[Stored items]
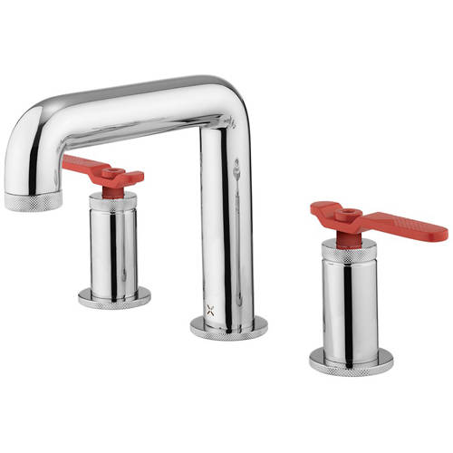 Crosswater UNION 3 hole deck mounted basin mixer tap in chrome with red lever handles.
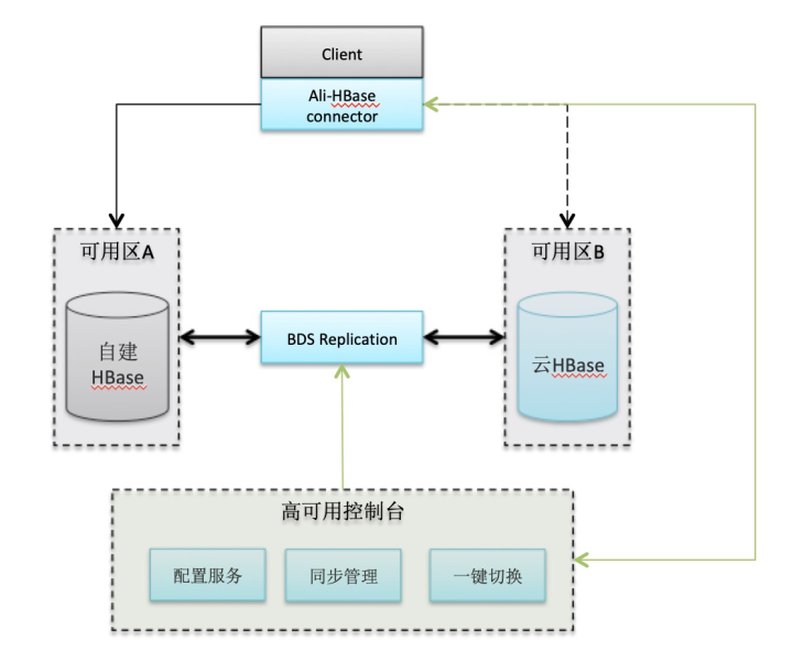 控制台提供一键切换不需要重启客户端,提供AliHBaseConnector作为原生HBase客户端的一个插件,插件内部会封装主备切换逻辑。客户端启动时会从BDS获取主备地址信息同时建立一个高可用的命令通道,控制台发出的切换命令通过该通道到达客户端,客户端自动的断开旧链接,打开备库链接并重试请求。
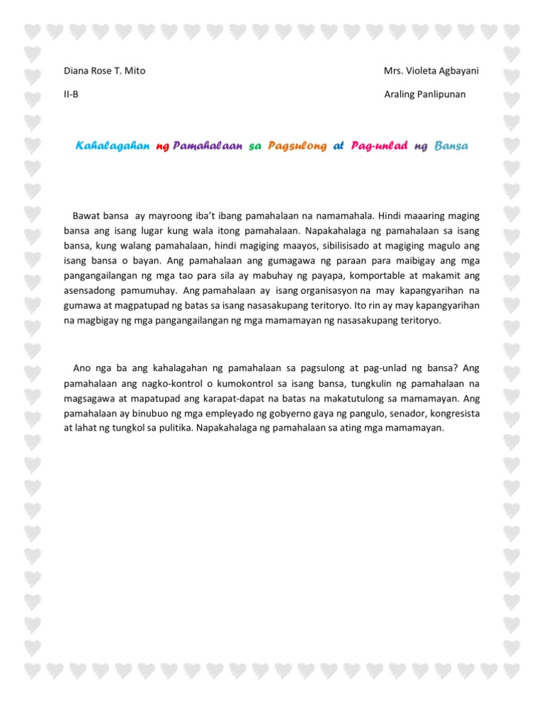 Ngunit ang isang uri ng pagmamahal na di matatawaran ay ang pagmamahal sa bayan. 2020-02-12 Sanaysay tungkol sa kahalagahan ng edukasyon sa panahon ng pandemya - 7951519 Answer. Magpasa ng resolusyon na kinakailangan upang maisakatuparan ang layunin ng mga kabataan sa barangay alinsunod sa mga naakmang tuntunin nakasaad local government.
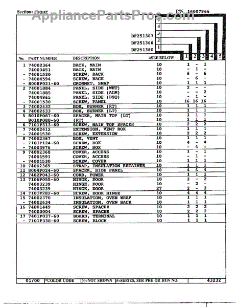 This factory screw secures appliance components to their mounting points. Replace missing, worn, or stripped hardware to restore a tight fit, proper alignment, and quieter operation across the affected assembly.
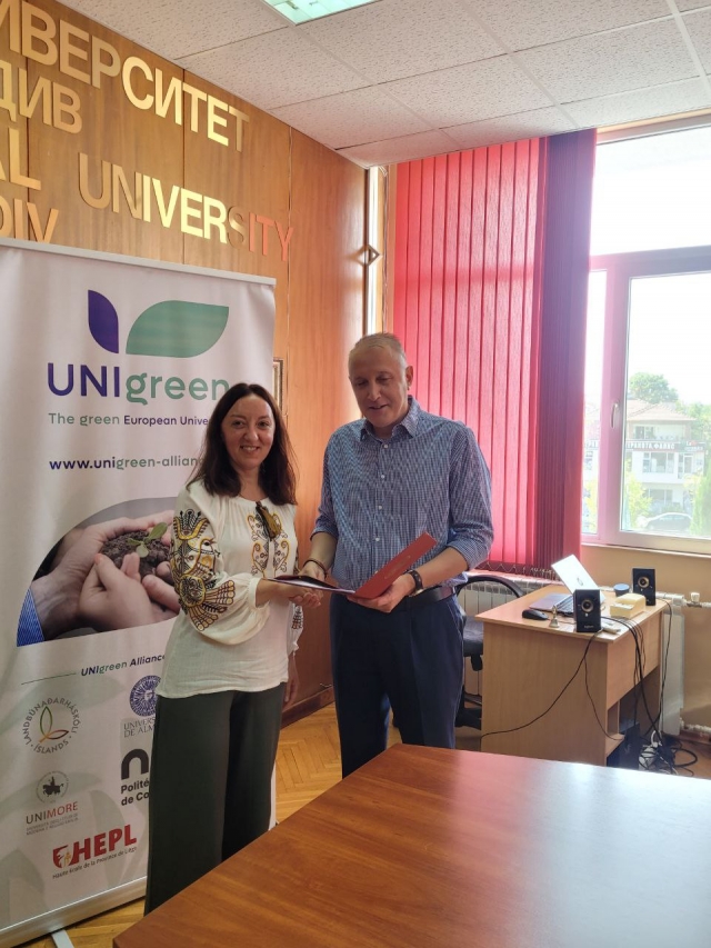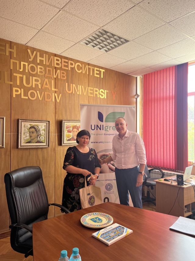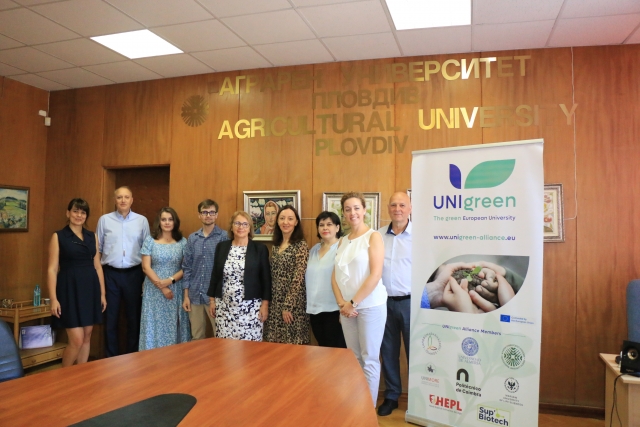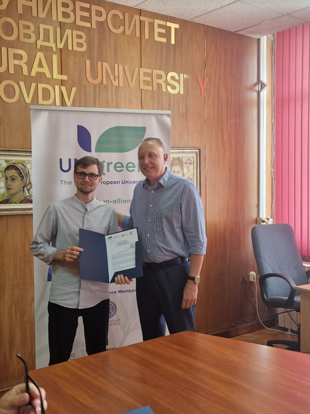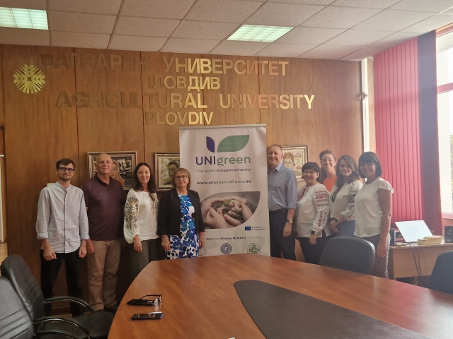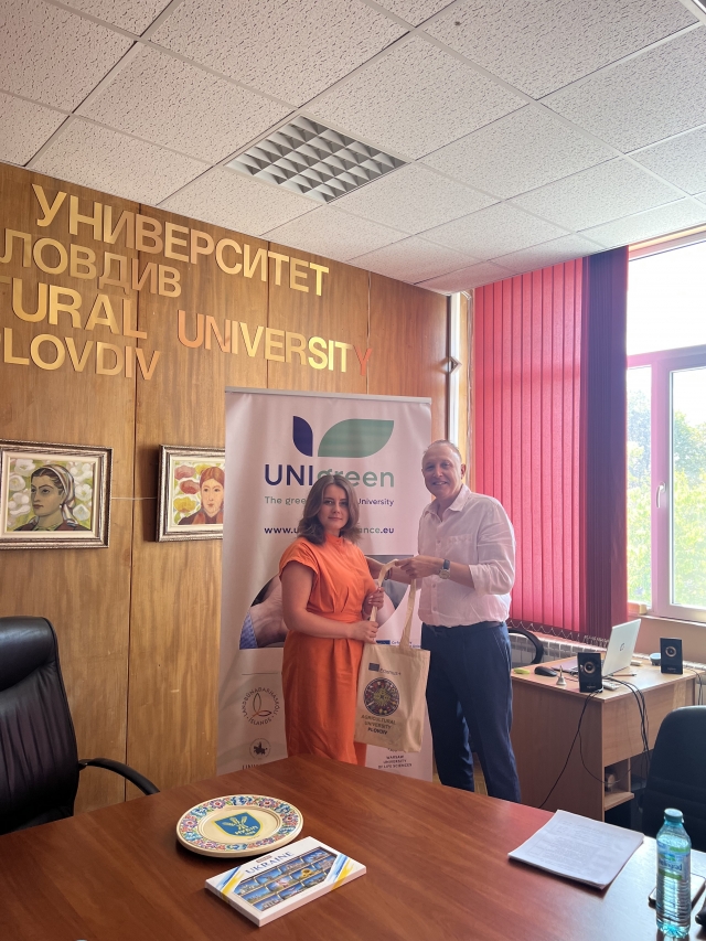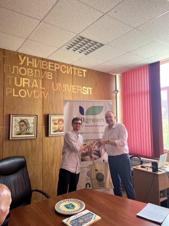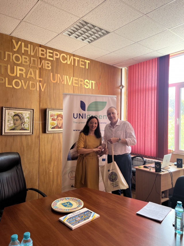 З 18 по 23 вересня 2023 року, в рамках Європейського альянсу проєкту UNIgreen, представники НУБіП України завідувач кафедри загальної екології, радіобіології та безпеки життєдіяльності, доктор біологічних наук, старший науковий співробітник Алла Клепко, доцент кафедри загальної екології, радіобіології та безпеки життєдіяльності, кандидат сільськогосподарських наук, старший науковий співробітник Валерія Бондарь, доцент кафедри статистики та економічного аналізу, кандидат економічних наук Леся Воляк, доцент кафедри електротехніки, електромеханіки та електротехнологій, кандидат технічних наук Дмитро Сорокін пройшли стажування в Аграрному Університеті Пловдів (Болгарія).
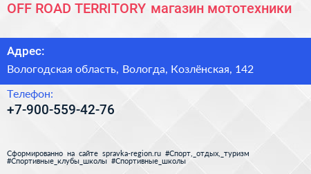 OFF ROAD TERRITORY, магазин мототехники по адресу Вологодская область, Вологда, Козлёнская, 142 в дальнейшем Организация, размещена в следующих категориях:
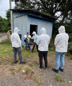 Durante a ação, as equipes realizam visitas casa a casa, busca ativa de casos suspeitos e positivos da doença, verificação dos quintais, aplicação de larvicidas, quando necessária, retirada dos materiais inservíveis e entrega de telas milimétricas.
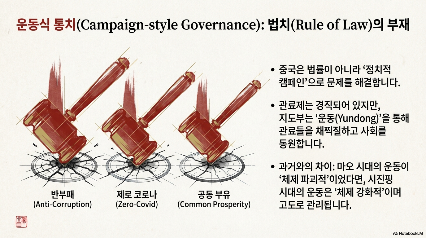 중국에서 국가 기구는 안정적인 행정 기관이라기보다, 끊임없는 '정치 운동'의 도구이자 플랫폼입니다.
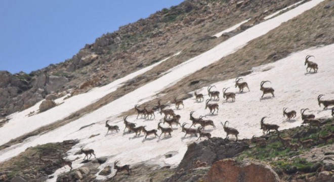 Tunceli’nin Munzur dağlarında anne ve yavru ayılar ile sürü halindeki şamualar (yaban keçileri) görüntülendi.
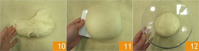 Trennen Sie den Teig vom Haken mit leicht angefeuchteten Händen, dann helfen Sie sich mit einem Teigschaber, um ihn auf die Arbeitsfläche zu legen 10. Bestäuben Sie ihn mit ein wenig Mehl und formen Sie den Teig zu einer Kugel, ebenfalls unter Verwendung des Teigschabers, um ihn leichter zu handhaben 11. Legen Sie ihn in eine große, zuvor gebutterte Schüssel, decken Sie ihn mit Frischhaltefolie ab 12 und lassen Sie ihn 2 Stunden im ausgeschalteten Ofen mit eingeschaltetem Licht ruhen.
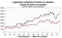 * Toutes les données sont ici présentées en cumul 12 mois. Ainsi, les résultats de juillet 2010 pour les permis correspondent à la somme sur les 12 mois précédent (juillet inclut). Ceci permet de lisser (un peu) la volatilité et la saisonnalité.
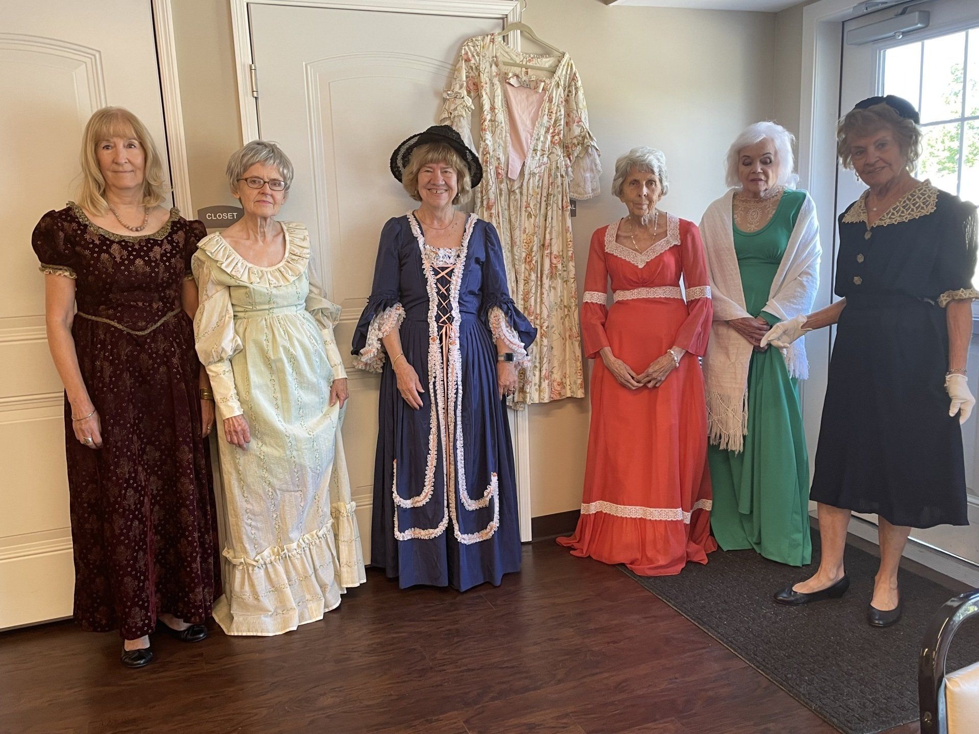 We received a call from the Sycamore Creek Apartments activities coordinator. She had heard about a vintage style show that we had staged many years ago and was interested to know if we do could one for a tea party they had planned. We set right to work. Bobbye Sweny loaned us some of her collection and we retrieved others from the archive room in the History Center. Then we had to find enough women thin enough to wear them. Success! Two resident ladies were more than happy to be asked to be part of the program. They joined three of us from the Miamisburg Historical Society. Carolyn Kilpatrick was the emcee for the program. Rounding out the show were Brenda Robinett Hill, Linda Leas, and me. The show was a great success. The women, many in decorative vintage style hats, were delighted. Our resident models were Ann, who chose a stylish two-piece outfit and a lovely gown, and Mary, who modeled a classic dress. Thank you to the Sycamore Creek activities coordinator and everyone for a wonderful time and a delightful luncheon and tea.
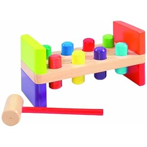Eichhorn 100001868 – Holz-Hammerbank, 10-teilig, 22x11x10 cm – Klopfbank mit 8 Klopfstiften und Hammer
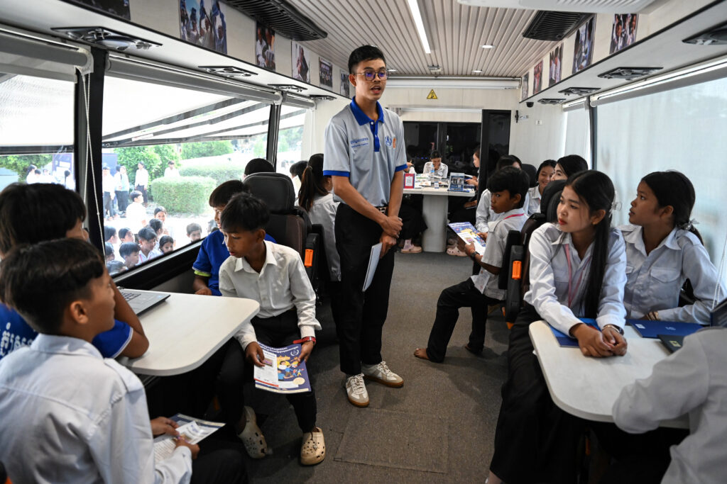 A l’ombre d’un bus transformé en musée sur roues, Mean Loeuy, 71 ans, raconte à un groupe d’enfants l’enfer qu’il a traversé dans un camp de travail des Khmers rouges.”Au début, on partageait un bol de riz entre dix personnes”, raconte cet homme de 71 ans, qui a perdu plus d’une dizaine de membres de sa famille à cette époque.”A la fin, c’était un grain de riz avec de l’eau dans la paume de la main, ajoute-t-il, décrivant le camp “comme une prison sans murs”.Depuis janvier 2024, une équipe de juristes sillonne le Cambodge pour enseigner aux écoliers les leçons des procès des dignitaires du régime génocidaire, et partager les preuves récoltées durant les 20 années de procédures — avec l’appui de survivants, dont le témoignage continue de captiver les plus jeunes.Ce programme est le dernier né des Chambres extraordinaires au sein des tribunaux cambodgiens (CETC): la cour parrainée par les Nations unies a rendu son dernier verdict en septembre 2022, mais sa mission n’est pas terminée pour autant.Au Cambodge, où deux tiers des habitants a moins de 30 ans, une majorité de la population a grandi sans avoir vécu les horreurs sous Pol Pot entre 1975 et 1979, ni les 20 années de conflit civil qui ont suivi.Jeudi marque le 50e anniversaire de la chute de Phnom Penh aux mains des Khmers rouges.Les jeunes n’ont généralement qu’une vague idée de la période la plus sombre de l’histoire de leur pays, hantée par le massacre d’environ deux millions de personnes, mortes de faim, de maladie, d’épuisement au travail, ou assassinées.- 60.000 enfants -Des groupes d’enfants se pressent dans l’autocar climatisé, spécialement aménagé pour une leçon d’histoire interactive, avec BD, tablettes et autres supports pédagogiques.Par une chaude journée de fin mars, ce musée mobile a déployé son barnum dans la cour d’un lycée de Phnom Srok (nord-ouest) — à une dizaine de kilomètres du lac de Trapeang Thma, considéré comme l’un des camps de travail les plus meurtriers des Khmers rouges, où les victimes se comptent en milliers.Dans un temple de la ville, les crânes des victimes des Khmers rouges sont alignés sur des étagères.Mouy Chheng, 14 ans, confie avoir du mal à croire la “brutalité” du régime ultra-maoïste. “Mes parents m’en ont un peu parlé”, explique-t-elle. “Aujourd’hui, je comprends bien mieux.”L’opération a touché plus de 60.000 enfants et adolescents dans 92 établissements en 2024, et vise 100 écoles pour cette année.Dans une salle de classe, Ven Pov fait circuler un micro parmi quelque 150 lycéens.”Pourquoi Pol Pot n’a-t-il pas été jugé ?”, “Pourquoi n’a-t-on pas appliqué la peine de mort ?”, “Comment est-il possible que la famine ait tué à ce point ?”, lancent-ils à tour de rôle.L’ancien avocat des parties civiles essaye de dissiper leurs doutes, bien qu’il assure ne pas avoir la réponse à tout: lui-même se demande toujours pourquoi les Khmers rouges ont commis de telles atrocités.”Nous devons faire plus de recherches”, explique-t-il.- “Héritage” -Dans un nouveau rôle après la fin du procès, les CETC conservent dans la capitale Phnom Penh des centaines de milliers de documents ouverts aux chercheurs et autres curieux.”La justice et la réconciliation vont main dans la main”, insiste Ven Pov, 56 ans. L’ancien Premier ministre Hun Sen a mis l’accent sur la paix et la cohésion sociale, mais des chercheurs et critiques regrettent l’instrumentalisation de la politique mémorielle à son profit, et sa réticence à poursuivre plus de cadres khmers rouges.Les CETC n’a condamné que trois dignitaires. D’anciens chefs du mouvement ultra-maoïste vivent toujours en liberté, sans crainte de poursuites.”La justice transitionnelle ne concerne pas seulement ceux qui ont commis les crimes, c’est aussi une question d’héritage symbolique pour la société”, explique Timothy Williams, professeur à l’université de la Bundeswehr à Munich.”Le bus pédagogique aurait pu démarrer il y a quinze ans”, poursuit-il, mais “c’est important à une époque qui a vu le renforcement du pouvoir autoritaire. Les leçons du passé sont déterminantes ici.”

PROMPT =
Return the lines above from the one with "Durante a ação, as" through the one with "et la saisonnalité.", verbatim and nothing else. Omit every picture.

THE COMPLETED TASK =
 Durante a ação, as equipes realizam visitas casa a casa, busca ativa de casos suspeitos e positivos da doença, verificação dos quintais, aplicação de larvicidas, quando necessária, retirada dos materiais inservíveis e entrega de telas milimétricas.
 중국에서 국가 기구는 안정적인 행정 기관이라기보다, 끊임없는 '정치 운동'의 도구이자 플랫폼입니다.
 Tunceli’nin Munzur dağlarında anne ve yavru ayılar ile sürü halindeki şamualar (yaban keçileri) görüntülendi.
 Trennen Sie den Teig vom Haken mit leicht angefeuchteten Händen, dann helfen Sie sich mit einem Teigschaber, um ihn auf die Arbeitsfläche zu legen 10. Bestäuben Sie ihn mit ein wenig Mehl und formen Sie den Teig zu einer Kugel, ebenfalls unter Verwendung des Teigschabers, um ihn leichter zu handhaben 11. Legen Sie ihn in eine große, zuvor gebutterte Schüssel, decken Sie ihn mit Frischhaltefolie ab 12 und lassen Sie ihn 2 Stunden im ausgeschalteten Ofen mit eingeschaltetem Licht ruhen.
 * Toutes les données sont ici présentées en cumul 12 mois. Ainsi, les résultats de juillet 2010 pour les permis correspondent à la somme sur les 12 mois précédent (juillet inclut). Ceci permet de lisser (un peu) la volatilité et la saisonnalité.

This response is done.